In experimental studies, visceral abnormalities and miscarriages were observed when micafungin was administered to rabbits at doses that were 4 times higher than the therapeutic doses recommended for humans. Micafungin did not cause fertility impairment in animals.

Micafungin is excreted in the breast milk of lactating rats.

Use in Hepatic Impairment

Micafungin should be used only after a thorough assessment of the expected benefit and the existing risk of therapy in patients with impaired liver function.

Special Precautions

Micafungin should be used only after a thorough assessment of the expected benefit and the existing risk of therapy in patients with impaired liver function, in the presence of clinical and laboratory data of hemolysis or hemolytic anemia.

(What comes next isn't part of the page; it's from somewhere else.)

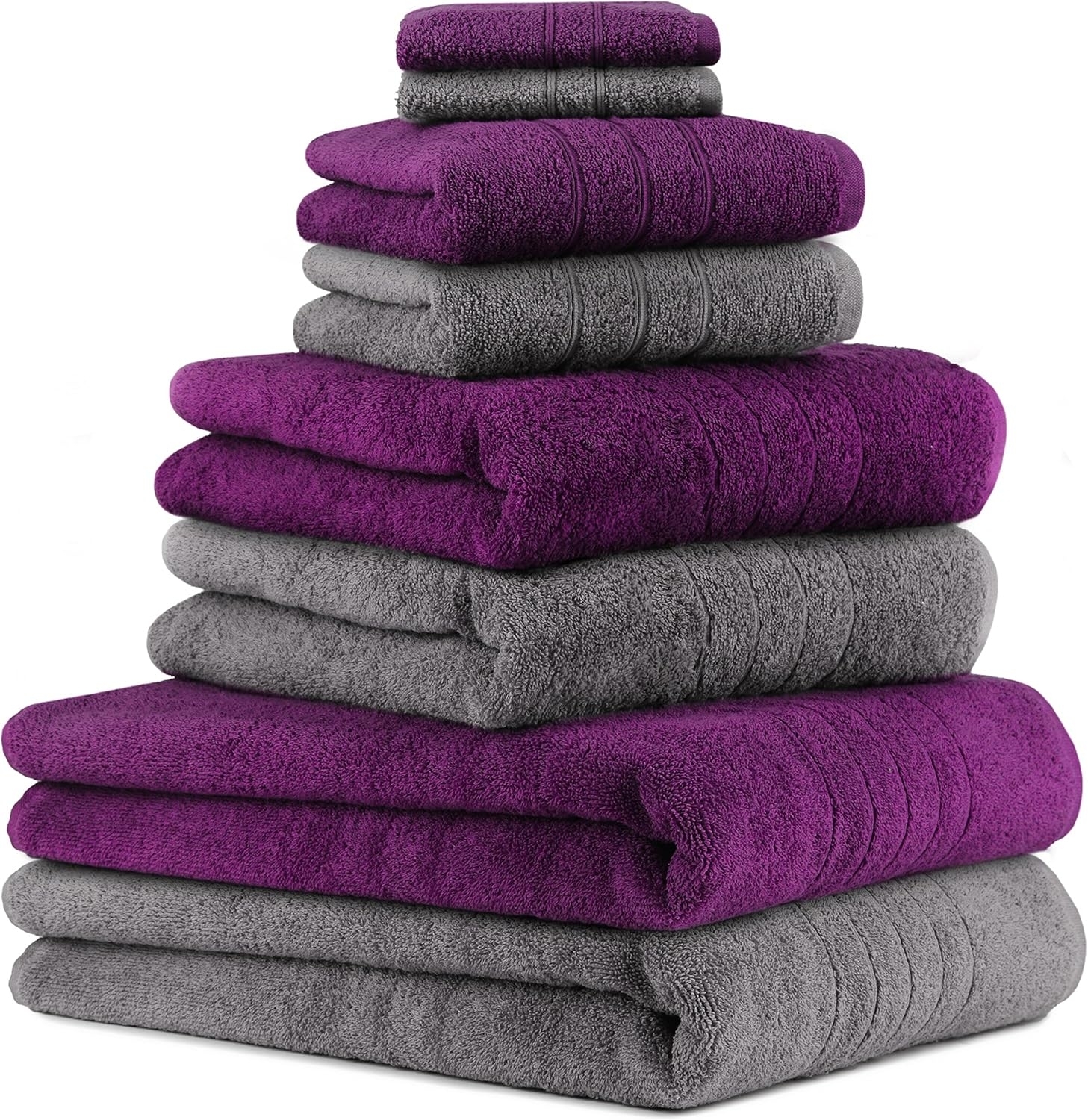 | Name | Betz Handtuch Set 8-TLG. Handtuch-Set Deluxe Farbe anthrazit grau und Pflaume, 100% Baumwolle (Set, 8-St) |

With caution, under careful clinical supervision and with monitoring of plasma concentrations, Micafungin should be used simultaneously with sirolimus, nifedipine.

Drug Interactions

The AUC of sirolimus increased by 21% without changing its C_max in plasma at steady state when taking micafungin, compared with taking sirolimus alone.

The AUC and C_max in plasma of nifedipine increased by 18% and 42%, respectively, at steady state when taking micafungin, compared with taking nifedipine alone.

Storage Conditions

Store at 2°C (36°F) to 25°C (77°F). Keep in original packaging, protected from light. Keep out of reach of children.

Dispensing Status

Rx Only

Important Safety Information

This information is for educational purposes only and does not replace professional medical advice. Always consult your doctor before use. Dosage and side effects may vary. Use only as prescribed.